[[ SUPPLIED RECORDS open ]]
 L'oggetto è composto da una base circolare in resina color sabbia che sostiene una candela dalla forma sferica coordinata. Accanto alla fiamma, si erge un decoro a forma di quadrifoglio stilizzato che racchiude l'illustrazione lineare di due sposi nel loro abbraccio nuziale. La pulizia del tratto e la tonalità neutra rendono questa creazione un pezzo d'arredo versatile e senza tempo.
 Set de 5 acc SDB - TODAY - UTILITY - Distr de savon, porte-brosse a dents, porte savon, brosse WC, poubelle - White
[[ SUPPLIED RECORDS closed ]]
[[ SUPPLIED RECORDS open ]]
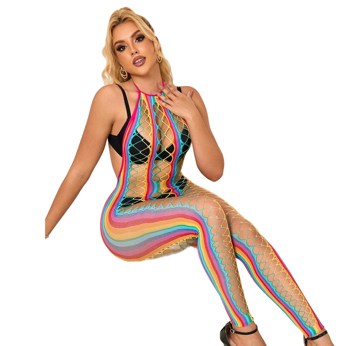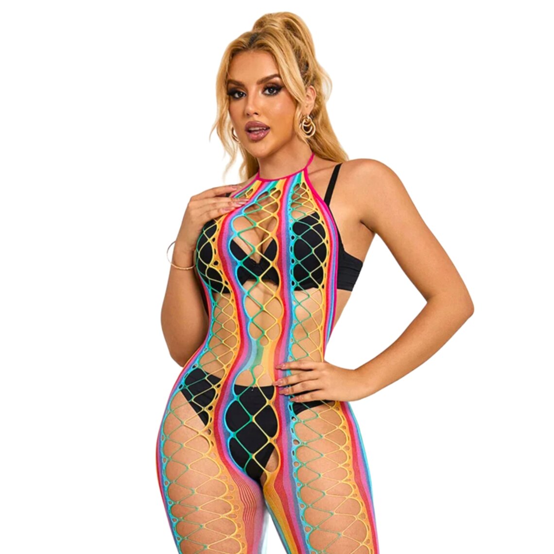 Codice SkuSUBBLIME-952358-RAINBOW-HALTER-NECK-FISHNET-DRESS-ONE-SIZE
[[ SUPPLIED RECORDS closed ]]
### AIM OF THE TASK
Above are some lines. Repeat exactly, and only, those from the line that has "L'oggetto è composto" through the line that has "Set de 5 acc".

### RESPONSE TO THE EXERCISE
 L'oggetto è composto da una base circolare in resina color sabbia che sostiene una candela dalla forma sferica coordinata. Accanto alla fiamma, si erge un decoro a forma di quadrifoglio stilizzato che racchiude l'illustrazione lineare di due sposi nel loro abbraccio nuziale. La pulizia del tratto e la tonalità neutra rendono questa creazione un pezzo d'arredo versatile e senza tempo.
 Set de 5 acc SDB - TODAY - UTILITY - Distr de savon, porte-brosse a dents, porte savon, brosse WC, poubelle - White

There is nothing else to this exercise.